この先2つのルートに分岐します。一方は即バッドエンドなんですけどね。次の投稿はバッドエンドの方にする予定です。一体何田さんが魔女化するのでしょうか……。
以下魔女設定です↓
ツギハギのプリンセス
ツギハギのプリンセス。その性質は自己愛。自分の事を愛してやまないこの魔女は、自らのおかれた状況には目を向けない。その身体に刻み付けられた縫い跡を指摘すれば、この魔女は真実にたどり着き消えていくだろう。
別名:遊園地の魔女
特徴:下半身がライオンの首と繋がり、両手がブリキのロボットの様な姿になった少女の姿の魔女。それぞれの部位の境目には縫い目がついている。腹部には首なしの案山子が突き刺さっている。また、少女の素顔はブリキの仮面に隠され見ることはできない。
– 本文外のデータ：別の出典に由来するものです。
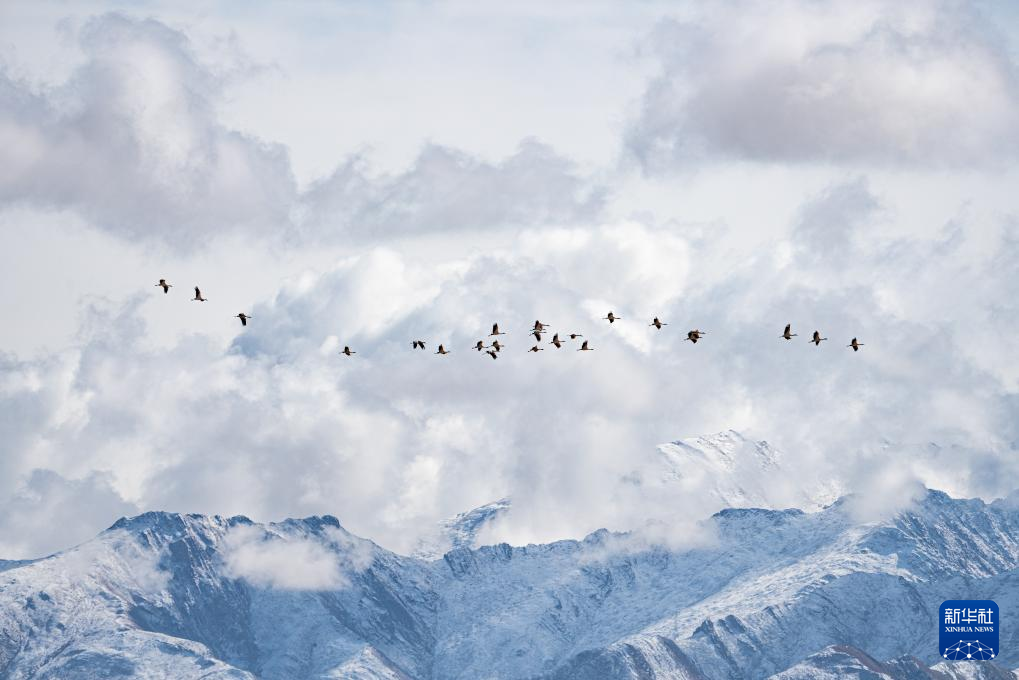 8日、ラサ市林周(ルンドゥプ)県の雪山とオグロヅル。(ラサ=新華社記者/晋美多吉)pagebreak
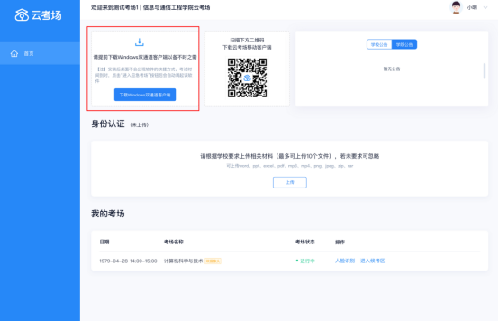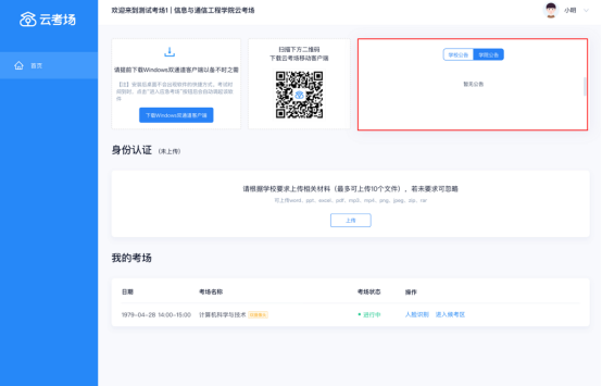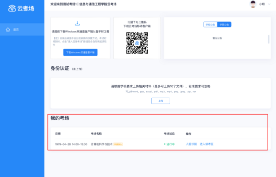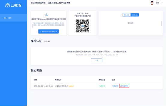 a. 查看考场的日期时间、考场名称等信息,若有疑问及时跟学校管理员取得联系
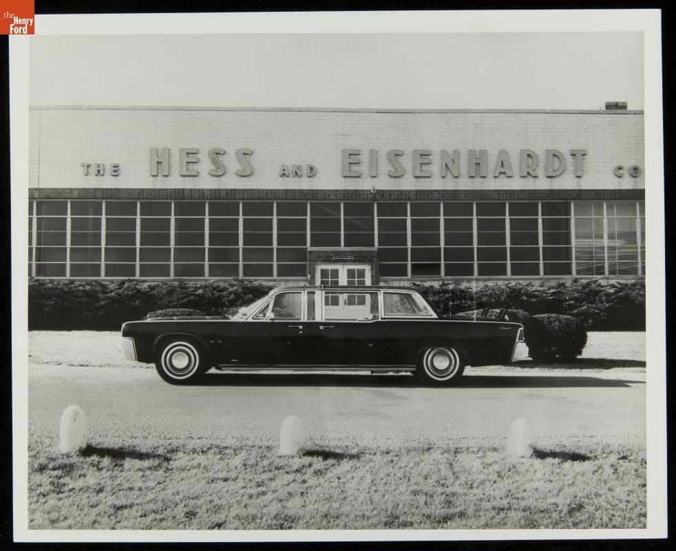 After President John F. Kennedy's assassination on November 22, 1963, the Hess & Eisenhardt Company of Cincinnati, Ohio, rebuilt the 1961 Lincoln Continental Presidential Limousine into an armored car. Titanium armor, bullet-resistant glass and tires, and a permanent roof improved the president's security. The modified car returned to the White House in May 1964 and remained in service until 1977.

ライオンの前足で引っ掻いてきたり、突き刺さった案山子を振り回したり、ロケットパンチを放ったりと多彩な攻撃手段を持つ。
ツギハギのプリンセス(第2形態)
ツギハギのプリンセス。その性質は自己愛。受け止めきれなかった思いは呪いとなって魔女の胎内を回り続ける。もう言葉は届かない。もう思考は止まらない。この魔女は永遠に回りながら辛い現実を夢見続ける。
別名:遊園地の魔女(ヘイエン)
特徴:所謂第2形態。少女の上半身が割れ小型の観覧車が生えている。この状態ではほぼ移動せず、ゴンドラの中から様々な物を取り出して攻撃する。一応ライオンの足でも攻撃できるが、頭でっかちでアンバランスな状態なので少し妨害するだけでスッ転ぶ。飛ばしてくるものはレールや花火。本編では登場しなかったが鼠のぬいぐるみやポップコーンまで飛んでくる。
廻る方舟
廻る方舟。その役割は追憶。黄昏の遊園地で永遠に回り続ける観覧車。魔女を恐ろしい現実から逃がすために、かつての思い出を見下ろさせる。
別名:遊園地の魔女の手下(オモイデ)
特徴:巨大な観覧車型の使い魔。数は少ないものの複数存在している。ひとたび窓から下を覗いてしまうと、永遠に思い出の中に閉じ込められる事になる。
轟く方舟
轟く方舟。その役割は現実逃避。魔女を恐ろしい現実から逃がすための乗り物。だがレールの外に出ることは出来ず、魔女を逃がすことはできない。
別名:遊園地の魔女の手下(ニゲアシ)
特徴:黄昏の遊園地を走り続けるジェットコースター。決められたレールを走り続けるだけだが、たまに侵入者に遊んでもらおうと突進してくることがある。走り続けているため乗るのは至難の技だが、もし乗車できれば比較的美しいこの魔女の結界を見学することができる。
遊園地の魔女結界
永遠に夕暮れ時の遊園地。観覧車型の使い魔が複数存在している他、ジェットコースター用のレールが蜘蛛の巣のようにそこら中に交差している。それ以外の遊具は無い。